• **Supplied information**:
- - - -

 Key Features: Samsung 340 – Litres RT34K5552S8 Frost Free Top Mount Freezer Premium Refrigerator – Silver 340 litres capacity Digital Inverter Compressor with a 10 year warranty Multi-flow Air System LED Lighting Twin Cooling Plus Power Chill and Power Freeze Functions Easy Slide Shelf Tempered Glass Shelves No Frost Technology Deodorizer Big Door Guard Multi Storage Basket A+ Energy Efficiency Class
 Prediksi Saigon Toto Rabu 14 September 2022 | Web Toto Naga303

- - - -

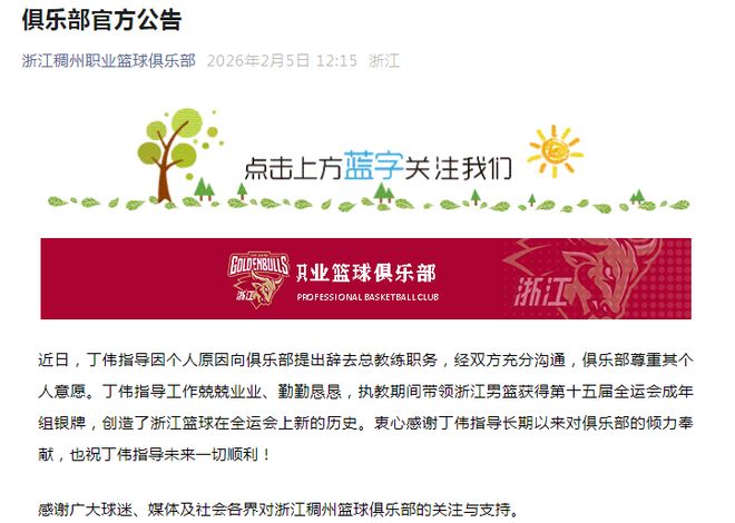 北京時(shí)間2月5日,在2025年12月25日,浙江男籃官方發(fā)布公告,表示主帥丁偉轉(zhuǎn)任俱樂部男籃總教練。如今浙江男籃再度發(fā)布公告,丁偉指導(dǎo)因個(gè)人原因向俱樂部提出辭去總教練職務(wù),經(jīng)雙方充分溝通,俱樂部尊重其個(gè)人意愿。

- - - -

• **Exercise details**: From the records above, quote only the lines running from the line with "Key Features: Samsung" to the line with "Prediksi Saigon Toto", both lines included.

• **Task response**:
 Key Features: Samsung 340 – Litres RT34K5552S8 Frost Free Top Mount Freezer Premium Refrigerator – Silver 340 litres capacity Digital Inverter Compressor with a 10 year warranty Multi-flow Air System LED Lighting Twin Cooling Plus Power Chill and Power Freeze Functions Easy Slide Shelf Tempered Glass Shelves No Frost Technology Deodorizer Big Door Guard Multi Storage Basket A+ Energy Efficiency Class
 Prediksi Saigon Toto Rabu 14 September 2022 | Web Toto Naga303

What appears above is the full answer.